#### [WHAT THIS TASK INVOLVES]
The material below is to be copied exactly from the line with "5日,在英國倫敦,藝術(sh" up to and including the line with "M 88, qui n’a", with nothing else kept and no pictures.

#### [DATA RECORDS]
--*--

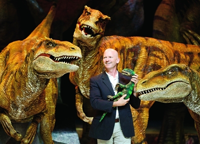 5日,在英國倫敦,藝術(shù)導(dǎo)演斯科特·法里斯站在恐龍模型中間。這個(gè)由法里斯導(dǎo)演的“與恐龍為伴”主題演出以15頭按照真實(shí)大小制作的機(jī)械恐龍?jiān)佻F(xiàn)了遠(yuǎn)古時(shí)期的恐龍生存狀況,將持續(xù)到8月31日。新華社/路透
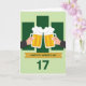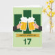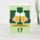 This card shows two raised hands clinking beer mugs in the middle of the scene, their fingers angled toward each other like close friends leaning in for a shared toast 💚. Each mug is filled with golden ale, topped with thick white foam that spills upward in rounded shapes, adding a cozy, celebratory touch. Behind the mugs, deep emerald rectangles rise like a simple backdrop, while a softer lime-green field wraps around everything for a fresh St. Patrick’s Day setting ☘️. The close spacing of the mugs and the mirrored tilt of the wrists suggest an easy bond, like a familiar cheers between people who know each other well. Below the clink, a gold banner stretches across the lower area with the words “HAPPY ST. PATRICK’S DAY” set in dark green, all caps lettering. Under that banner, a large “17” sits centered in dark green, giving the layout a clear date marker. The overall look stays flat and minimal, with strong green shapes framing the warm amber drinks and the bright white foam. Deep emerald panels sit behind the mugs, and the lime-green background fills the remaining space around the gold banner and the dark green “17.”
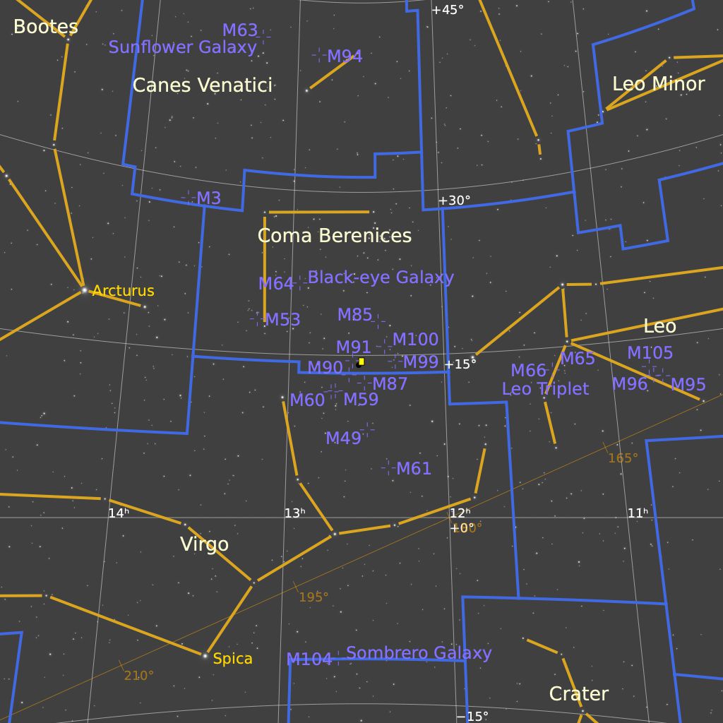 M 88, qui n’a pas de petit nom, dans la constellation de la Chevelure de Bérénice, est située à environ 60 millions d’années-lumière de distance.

--*--

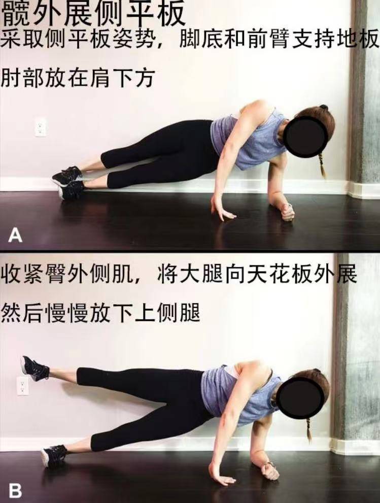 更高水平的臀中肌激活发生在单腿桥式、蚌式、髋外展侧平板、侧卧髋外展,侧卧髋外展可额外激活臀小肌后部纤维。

--*--

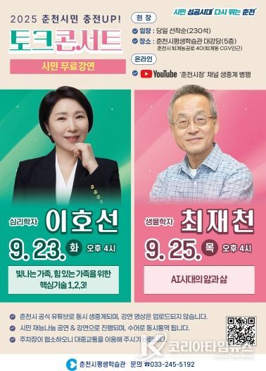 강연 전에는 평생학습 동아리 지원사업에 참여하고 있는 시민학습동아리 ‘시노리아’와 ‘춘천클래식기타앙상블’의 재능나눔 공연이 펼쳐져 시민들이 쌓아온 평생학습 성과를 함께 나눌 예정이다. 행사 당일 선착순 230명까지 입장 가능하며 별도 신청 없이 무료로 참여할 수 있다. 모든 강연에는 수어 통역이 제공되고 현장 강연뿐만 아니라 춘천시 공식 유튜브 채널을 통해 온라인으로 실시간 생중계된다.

--*--

#### [SOLUTION TO THE PROBLEM]
 5日,在英國倫敦,藝術(shù)導(dǎo)演斯科特·法里斯站在恐龍模型中間。這個(gè)由法里斯導(dǎo)演的“與恐龍為伴”主題演出以15頭按照真實(shí)大小制作的機(jī)械恐龍?jiān)佻F(xiàn)了遠(yuǎn)古時(shí)期的恐龍生存狀況,將持續(xù)到8月31日。新華社/路透
 This card shows two raised hands clinking beer mugs in the middle of the scene, their fingers angled toward each other like close friends leaning in for a shared toast 💚. Each mug is filled with golden ale, topped with thick white foam that spills upward in rounded shapes, adding a cozy, celebratory touch. Behind the mugs, deep emerald rectangles rise like a simple backdrop, while a softer lime-green field wraps around everything for a fresh St. Patrick’s Day setting ☘️. The close spacing of the mugs and the mirrored tilt of the wrists suggest an easy bond, like a familiar cheers between people who know each other well. Below the clink, a gold banner stretches across the lower area with the words “HAPPY ST. PATRICK’S DAY” set in dark green, all caps lettering. Under that banner, a large “17” sits centered in dark green, giving the layout a clear date marker. The overall look stays flat and minimal, with strong green shapes framing the warm amber drinks and the bright white foam. Deep emerald panels sit behind the mugs, and the lime-green background fills the remaining space around the gold banner and the dark green “17.”
 M 88, qui n’a pas de petit nom, dans la constellation de la Chevelure de Bérénice, est située à environ 60 millions d’années-lumière de distance.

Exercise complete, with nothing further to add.